Since Xenia and I have been around here for quite a while, I thought it might be a good idea to share what we're working on at the moment:

Since we've bought our own house last year and the B&W DM2a's (while being great speakers) don't always sound the way we like it, we decided to build our own pair of speakers.

The original idea was a 4-ways setup with a 12" Peerless XXLS subwoofer, 2 Peerless 10" passive radiators, a HiVi M8a woofer, a TangBand W4-1337 wide-bander and a Fountek NeoCD1.0 ribbon tweeter.

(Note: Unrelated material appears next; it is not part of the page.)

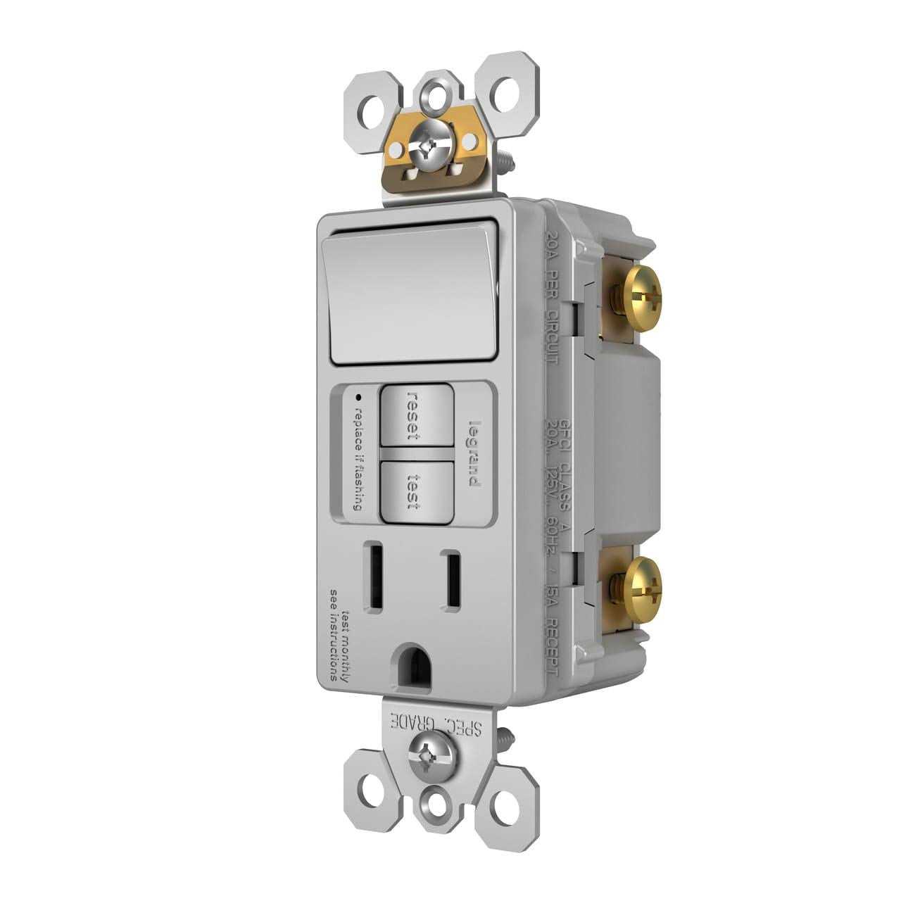 P&S 1597SWTTRGRY Combination Tamper-Resistant 15A Self-Test Single-Pole Switch/GFCI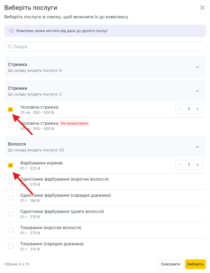 - У відкритому вікні відзначте послуги, які входитимуть до комплексу.

This was the "design" we made back then:


----------



## Candisa (Sep 15, 2007)

Off course, you can't really call that a "design" and it never made the production step...

But recently, the idea to build our own speakers was brought up in our minds again, so back to the drawing board:

We decided not to use the HiVi woofers, but let the subwoofers play a little higher and the mids a little lower (150Hz). 
To compensate for baffle-step issues, we decided not to use a correction network that makes the efficiency of the system drop quite a lot, but add an extra mid to play from 150Hz up to the baffle-step frequency.

We ended up with this basic drawing:


----------



## Candisa (Sep 15, 2007)

We still needed something to fill the space between the subwoofer and the rest of the speaker, since there is something called "gravity" on planet Earth.
A dedicated enclosure for the passive crossovernetwork was on the wish-list too.

This gave us 2 basic designs:


----------



## Candisa (Sep 15, 2007)

The second design made it and we decided to do some small changes to make it look a little better:


----------



## Candisa (Sep 15, 2007)

And after some more changes, we ended up with this:


----------



## Candisa (Sep 15, 2007)

We think the front-view of the speakers look good now, so it's time to make them 3-dimensional.

This is what we have so far:










Feel free to comment!

greetings,
Isabelle and Xenia


----------



## Candisa (Sep 15, 2007)

Better 3D sketch:


----------



## radarcontact (Oct 28, 2010)

Very cool! I likey! However, I think you took the easy way out with the square-box sub enclosure. Too simple, and a potential for standing waves, no? I would taper the sub box to mimic the other units. Construction would be more difficult, but still not _too _hard to build. Could go taller to make up for the lost space.







(click to see bigger)
Wadda you think of my horrible at work with only MSPaint to work with drawing??? lol


----------